Adrian
Adrian

Reputation: 2291

Getting values after a specific character and stopping on other specific characters regex

I am trying to get values after a specific charachter and stopping on other specific charchters. This is what I tried

$whois = 'Registrant Name: Domain Administrator Registrant Organization: Yahoo! Inc. Registrant Street: 701 First Avenue Registrant City: Sunnyvale';
$data = preg_match_all('/:\s(.*?)\s/', $whois, $data_whois);
var_dump($data_whois[1]);

The whois is for yahoo: http://whois.domaintools.com/yahoo.com

CURRENT OUTPUT

  1 => string 'Domain' (length=6)
  2 => string 'Yahoo!' (length=6)
  3 => string '701' (length=3)
  4 => string 'Sunnyvale' (length=9)

EXPECTED OUTPUT

  1 => string 'Domain Administrator' (length=6)
  2 => string 'Yahoo! Inc.' (length=6)
  3 => string '701 First Avenue' (length=3)
  4 => string 'Sunnyvale' (length=9)

But it's taking only the first word.
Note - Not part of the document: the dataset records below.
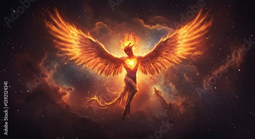 Fiery Phoenix Digital Painting: Celestial Rebirth in a Cosmic Nebula AI Generated
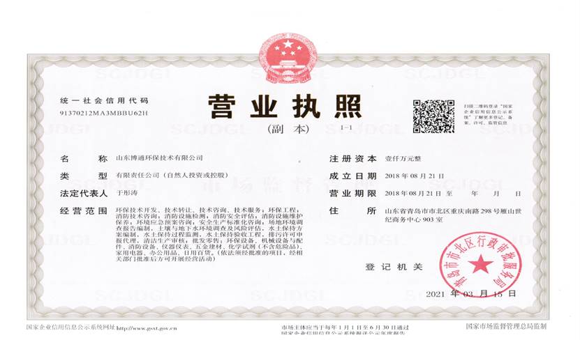 山東博通環(huán)保技術(shù)有限公司是一家專業(yè)從事環(huán)保、安全、消防的多元化技術(shù)服務(wù)公司,公司致力于打造專業(yè)的技術(shù)服務(wù)團隊,立足青島,輻射山東,服務(wù)范圍涵蓋:環(huán)保技術(shù)開發(fā)、技術(shù)轉(zhuǎn)讓、技術(shù)咨詢、技術(shù)服務(wù);環(huán)保工程;消防技術(shù)咨詢;消防設(shè)施檢測;消防安全評估;消防設(shè)施維護保養(yǎng);環(huán)境應急預案咨詢;安全生產(chǎn)標準化咨詢;場地環(huán)境調(diào)查報告編制,土壤與地下水環(huán)境調(diào)查及風險評估,水土保持方案編制,水土保持過程監(jiān)測,水土保持驗收工程,排污許可申報代理,清潔生產(chǎn)審核;批發(fā)零售:環(huán)保設(shè)備、機械設(shè)備與配件、消防設(shè)備、儀器儀表、五金建材、化學試劑(不含危險品)。公司具有“建設(shè)手續(xù)一站式辦理,安環(huán)問題一條龍解決”的獨特優(yōu)勢,可為客戶提供高效、優(yōu)質(zhì)的安全、環(huán)保、消防管家技術(shù)服務(wù)。
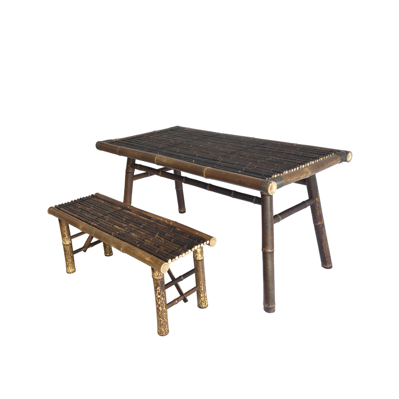 Purple bamboo square table one table and two stools (1 meter) one meter bench 60cm fixed short stool 140cm fixed long table
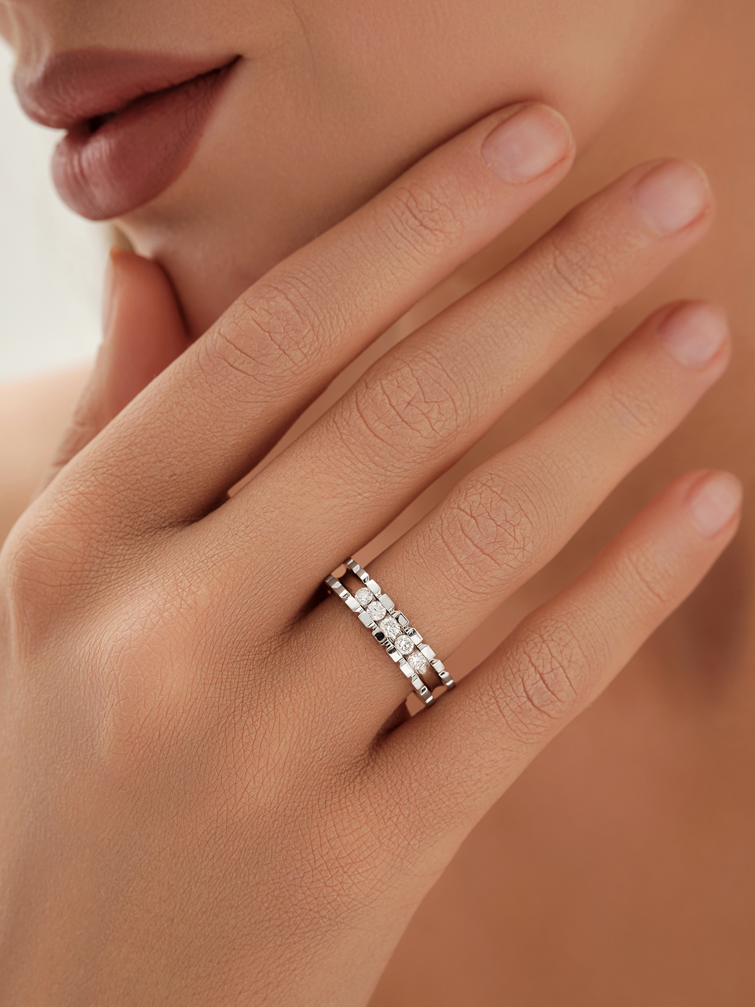 Обручальное кольцо из белого золота 585 пробы с бриллиантами

I believe that is because (.*?)\s I also tried (.*?\s.*?)\sand it's taking the second word, but if the value doesn't have a second word is going to take the word Registrant so I kind of need to stop on Registrant but don't understand exactly how.

Upvotes: 0

Views: 38

Answers (2)

Avinash Raj
Avinash Raj

Reputation: 174696

It seems like your fields has exactly two words followed by : on the second word. If yes then you may try the below regex.

: \K.*?(?= \S+ \S+:|$)

DEMO

PHP code would be,

<?php
$data = 'Registrant Name: Domain Administrator Registrant Organization: Yahoo! Inc. Registrant Street: 701 First Avenue Registrant City: Sunnyvale';
$regex =  '~: \K.*?(?= \S+ \S+:|$)~';
preg_match_all($regex, $data, $matches);
print_r($matches);
?>

Output:

Array
(
    [0] => Array
        (
            [0] => Domain Administrator
            [1] => Yahoo! Inc.
            [2] => 701 First Avenue
            [3] => Sunnyvale
        )

)

Upvotes: 1

Casimir et Hippolyte
Casimir et Hippolyte

Reputation: 89557

Since you are using a lazy quantifier .*? followed by a \s the match will stop at the first whitespace character.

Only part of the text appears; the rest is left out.